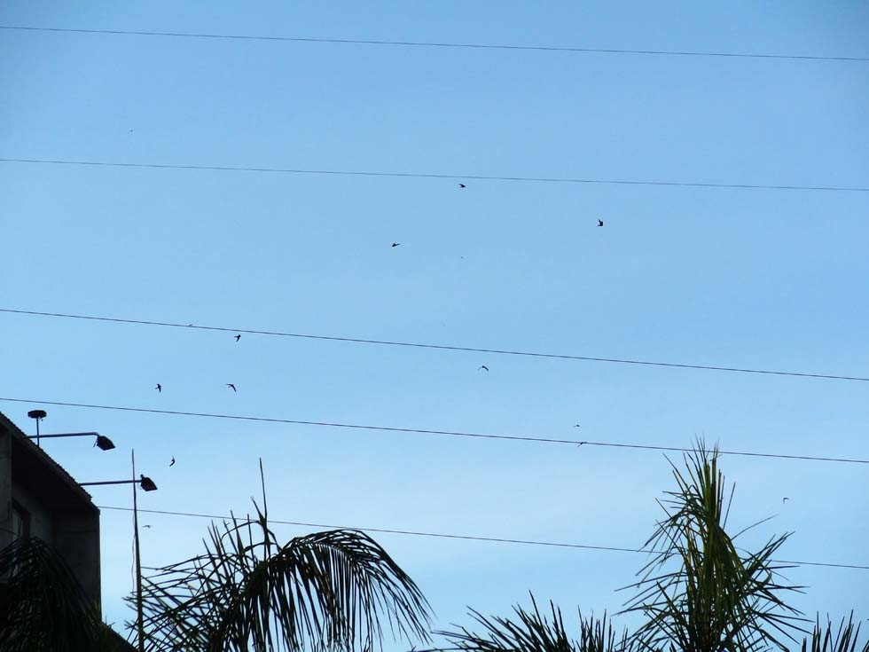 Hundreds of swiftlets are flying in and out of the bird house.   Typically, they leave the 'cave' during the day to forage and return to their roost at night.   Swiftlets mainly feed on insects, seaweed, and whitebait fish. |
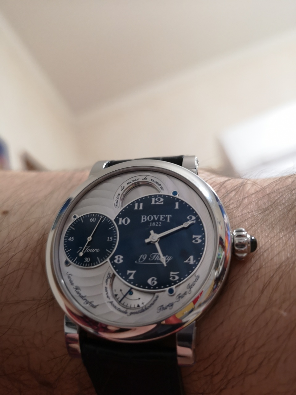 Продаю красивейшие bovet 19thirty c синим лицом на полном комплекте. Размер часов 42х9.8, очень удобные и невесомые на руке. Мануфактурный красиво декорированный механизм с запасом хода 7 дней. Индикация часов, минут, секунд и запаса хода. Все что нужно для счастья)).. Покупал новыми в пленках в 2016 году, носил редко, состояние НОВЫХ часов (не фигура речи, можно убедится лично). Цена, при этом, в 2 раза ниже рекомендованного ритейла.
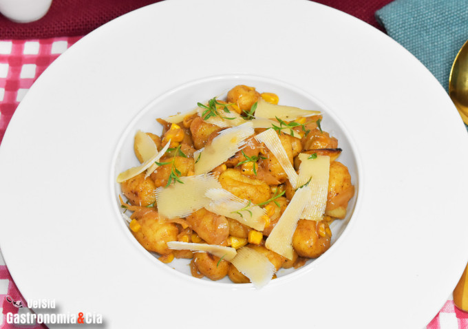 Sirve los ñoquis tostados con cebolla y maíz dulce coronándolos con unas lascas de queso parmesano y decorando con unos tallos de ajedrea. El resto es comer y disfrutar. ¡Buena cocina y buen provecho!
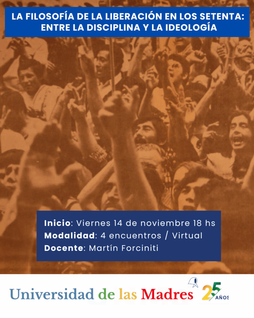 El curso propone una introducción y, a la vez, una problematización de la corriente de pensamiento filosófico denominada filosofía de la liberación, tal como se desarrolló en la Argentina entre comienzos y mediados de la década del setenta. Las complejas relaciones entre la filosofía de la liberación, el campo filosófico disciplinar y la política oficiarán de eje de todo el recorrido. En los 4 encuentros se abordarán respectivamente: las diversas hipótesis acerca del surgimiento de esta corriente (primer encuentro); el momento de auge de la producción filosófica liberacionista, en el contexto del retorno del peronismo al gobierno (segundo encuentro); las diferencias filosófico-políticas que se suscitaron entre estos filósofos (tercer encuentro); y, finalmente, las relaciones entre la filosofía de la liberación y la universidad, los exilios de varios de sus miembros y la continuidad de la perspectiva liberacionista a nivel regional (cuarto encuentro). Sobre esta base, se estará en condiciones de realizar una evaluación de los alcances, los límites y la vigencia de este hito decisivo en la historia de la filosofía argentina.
━━━━━━━━━━━━━━━━
● About this exercise
Retype the listing exactly and drop the pictures.

● Response box
 Hundreds of swiftlets are flying in and out of the bird house.   Typically, they leave the 'cave' during the day to forage and return to their roost at night.   Swiftlets mainly feed on insects, seaweed, and whitebait fish. |
 Продаю красивейшие bovet 19thirty c синим лицом на полном комплекте. Размер часов 42х9.8, очень удобные и невесомые на руке. Мануфактурный красиво декорированный механизм с запасом хода 7 дней. Индикация часов, минут, секунд и запаса хода. Все что нужно для счастья)).. Покупал новыми в пленках в 2016 году, носил редко, состояние НОВЫХ часов (не фигура речи, можно убедится лично). Цена, при этом, в 2 раза ниже рекомендованного ритейла.
 Sirve los ñoquis tostados con cebolla y maíz dulce coronándolos con unas lascas de queso parmesano y decorando con unos tallos de ajedrea. El resto es comer y disfrutar. ¡Buena cocina y buen provecho!
 El curso propone una introducción y, a la vez, una problematización de la corriente de pensamiento filosófico denominada filosofía de la liberación, tal como se desarrolló en la Argentina entre comienzos y mediados de la década del setenta. Las complejas relaciones entre la filosofía de la liberación, el campo filosófico disciplinar y la política oficiarán de eje de todo el recorrido. En los 4 encuentros se abordarán respectivamente: las diversas hipótesis acerca del surgimiento de esta corriente (primer encuentro); el momento de auge de la producción filosófica liberacionista, en el contexto del retorno del peronismo al gobierno (segundo encuentro); las diferencias filosófico-políticas que se suscitaron entre estos filósofos (tercer encuentro); y, finalmente, las relaciones entre la filosofía de la liberación y la universidad, los exilios de varios de sus miembros y la continuidad de la perspectiva liberacionista a nivel regional (cuarto encuentro). Sobre esta base, se estará en condiciones de realizar una evaluación de los alcances, los límites y la vigencia de este hito decisivo en la historia de la filosofía argentina.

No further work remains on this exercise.